Paul Adams, the author of these slides, was Google's social research lead in
the UX team at the time. According to Dhanji R. Prasanna, who worked on Google
Wave and Google+, Google feared that Facebook might see the slides and copy
the Circles idea ( <http://rethrick.com/#google-plus> ):

 _I asked the obvious question--"While I agree that Circles is a very
compelling feature, this slide deck is public. Surely someone at facebook has
seen it, and it won't take them long to copy it?"

I was met with a sheepish, if honest look of resignation. They knew the danger
of this, but were counting on the fact that facebook wouldn't be able to
change something so core to their product, at least not by the time Emerald
Sea got to market.

[...]

Many were visibly unhappy with his slide deck having been published for all to
see (soon to be released as a book). I even heard a rumor that there was an
attempt to stop or delay the book's publication._

The fear only increased when Paul Adams left for Facebook in December 2010 (
[http://techcrunch.com/2010/12/20/paul-adams-googler-whose-
pr...](http://techcrunch.com/2010/12/20/paul-adams-googler-whose-presentation-
foretold-facebook-groups-heads-to-facebook/) ). Happily for Google, Facebook's
response, "Facebook Groups", missed the point. Google predicted correctly that
Facebook wouldn't be able to change something so core to their product.

------
adamdecaf
_It's already happening. In the future we'll know thing like who out of our
friends has bought this bad, who has bought this brand, who bought competitor
brands, what do people think of this brand, and we'll have ways to communicate
with them to find out more. Understanding sociability will become a core
requirement for designing online. Almost all of us will need to become skilled
in social web design. (Slide 33)_

I don't want that. I don't want random sources or websites knowing who I am,
who my friends are, and who bought their products and who didn't. I want to
remain anonymous and protect my data. Of course, I won't be someone who visits
these websites, I prefer markets and anonymity.

------
username3
Circles work when I know what kind of posts my friends like and when they know
what I like, but what about when we don't know what each other likes?

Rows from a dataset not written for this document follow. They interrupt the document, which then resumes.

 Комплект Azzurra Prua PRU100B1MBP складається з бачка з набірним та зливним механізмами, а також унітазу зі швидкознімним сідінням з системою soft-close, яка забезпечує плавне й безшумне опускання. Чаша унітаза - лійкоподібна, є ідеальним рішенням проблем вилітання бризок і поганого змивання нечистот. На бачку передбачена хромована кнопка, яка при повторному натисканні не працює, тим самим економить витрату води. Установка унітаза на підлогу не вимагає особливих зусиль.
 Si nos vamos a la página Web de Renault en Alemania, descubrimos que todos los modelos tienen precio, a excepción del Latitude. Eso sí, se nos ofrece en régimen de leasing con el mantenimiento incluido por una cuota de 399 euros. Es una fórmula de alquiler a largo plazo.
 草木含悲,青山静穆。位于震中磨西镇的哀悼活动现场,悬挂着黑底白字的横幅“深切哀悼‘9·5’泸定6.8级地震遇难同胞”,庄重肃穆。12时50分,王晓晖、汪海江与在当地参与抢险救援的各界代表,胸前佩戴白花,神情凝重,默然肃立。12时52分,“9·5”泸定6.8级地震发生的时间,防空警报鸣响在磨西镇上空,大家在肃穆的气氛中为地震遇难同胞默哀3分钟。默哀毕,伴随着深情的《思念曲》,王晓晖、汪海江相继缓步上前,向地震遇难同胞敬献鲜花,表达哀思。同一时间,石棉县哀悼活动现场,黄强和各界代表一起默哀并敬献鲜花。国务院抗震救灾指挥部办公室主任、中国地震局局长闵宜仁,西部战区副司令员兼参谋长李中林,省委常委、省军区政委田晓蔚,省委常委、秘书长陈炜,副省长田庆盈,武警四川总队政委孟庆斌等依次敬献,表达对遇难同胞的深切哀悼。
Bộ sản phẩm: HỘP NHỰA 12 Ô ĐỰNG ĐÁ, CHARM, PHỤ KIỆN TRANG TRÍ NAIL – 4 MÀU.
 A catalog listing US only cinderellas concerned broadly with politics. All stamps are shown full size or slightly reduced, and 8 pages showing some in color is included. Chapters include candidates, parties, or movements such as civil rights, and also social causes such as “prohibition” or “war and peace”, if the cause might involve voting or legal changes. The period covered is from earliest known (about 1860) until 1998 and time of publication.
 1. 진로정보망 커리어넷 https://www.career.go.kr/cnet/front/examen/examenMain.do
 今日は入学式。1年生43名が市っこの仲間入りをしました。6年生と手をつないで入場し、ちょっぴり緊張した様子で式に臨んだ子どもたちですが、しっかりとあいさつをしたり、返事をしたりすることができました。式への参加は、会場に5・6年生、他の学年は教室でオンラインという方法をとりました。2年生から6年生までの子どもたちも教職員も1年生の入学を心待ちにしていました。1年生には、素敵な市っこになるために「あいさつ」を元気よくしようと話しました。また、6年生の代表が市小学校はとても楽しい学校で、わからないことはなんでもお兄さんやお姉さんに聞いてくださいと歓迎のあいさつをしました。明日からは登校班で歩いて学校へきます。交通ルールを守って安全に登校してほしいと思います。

I want to share my posts with all my friends and have them decide what they
want to see. I want to tag my posts or have my friends tag my posts. Then,
they can follow my posts with certain tags or hide them from their stream. I
want to see what they post in certain circles and join or subscribe. It's like
twitter lists, but instead of lists of people, it would have a list of posts.

------
stevenp
I'm quite amused by the deck's opening story about the horrors of 10-year-old
kids on Facebook seeing gay men dancing with towels wrapped around them in a
bar.

The problem of needing to partition one's social groups is very real, but the
moralization in the deck rubbed me the wrong way.

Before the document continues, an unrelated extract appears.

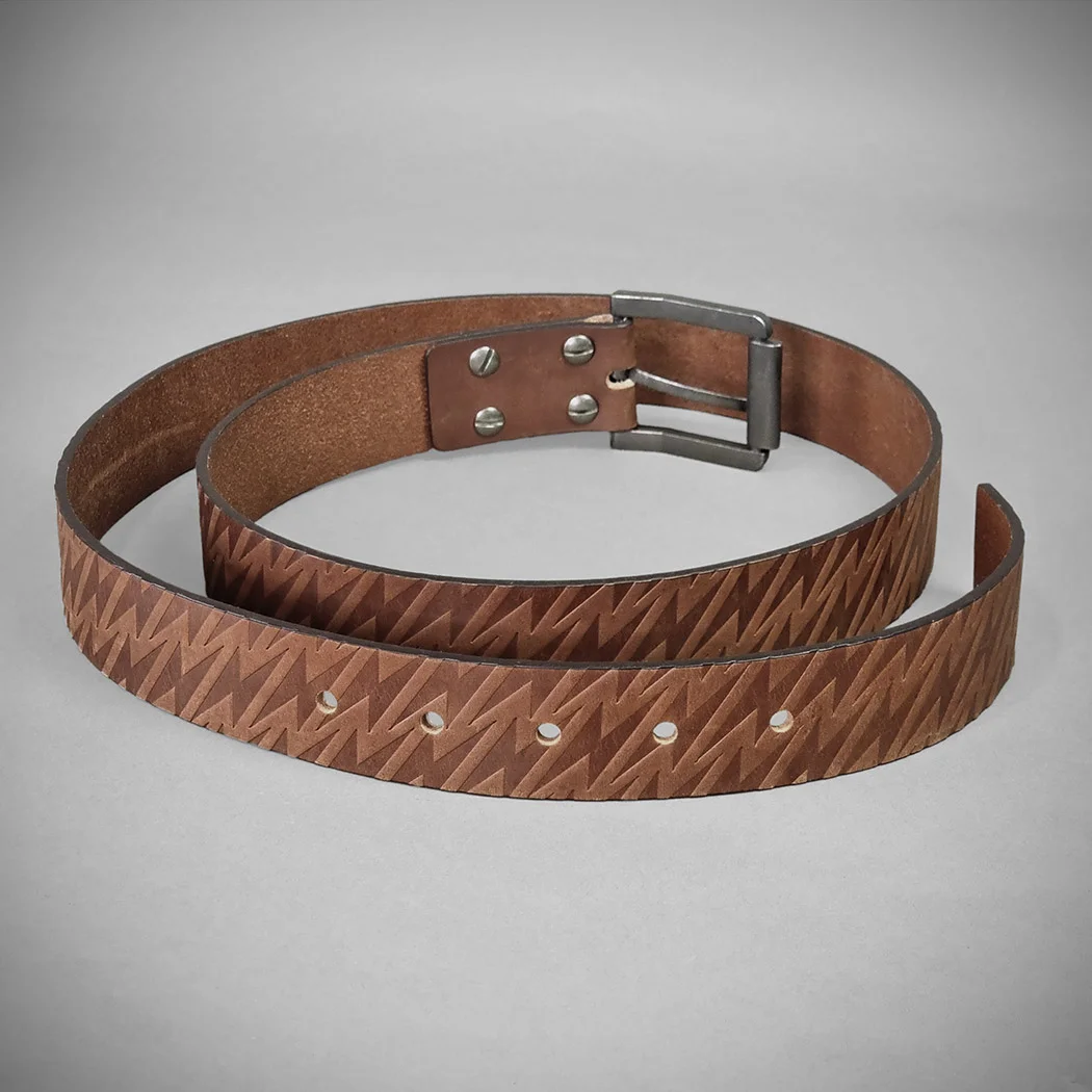 Ceinture en cuir véritable avec boucle en métal stylée, pour un look électrique avec ses éclairs engravés !

Then again, San Francisco is a city where people bring their children to the
gay pride parade, so maybe I'm just a wacko liberal with an incredibly biased
perspective. :)

------
seagaia
We can only stay up to date with 150 ties, and roughly at best...it is true,
and it is interesting to think about who the closest people to us are.

Mixing social groups really doesn't work. It is kind of strange.

I want to give this a more detailed look a bit later, but it's quite
interesting now. I wonder if it says anything about people who have thousands
of friends, and why they do...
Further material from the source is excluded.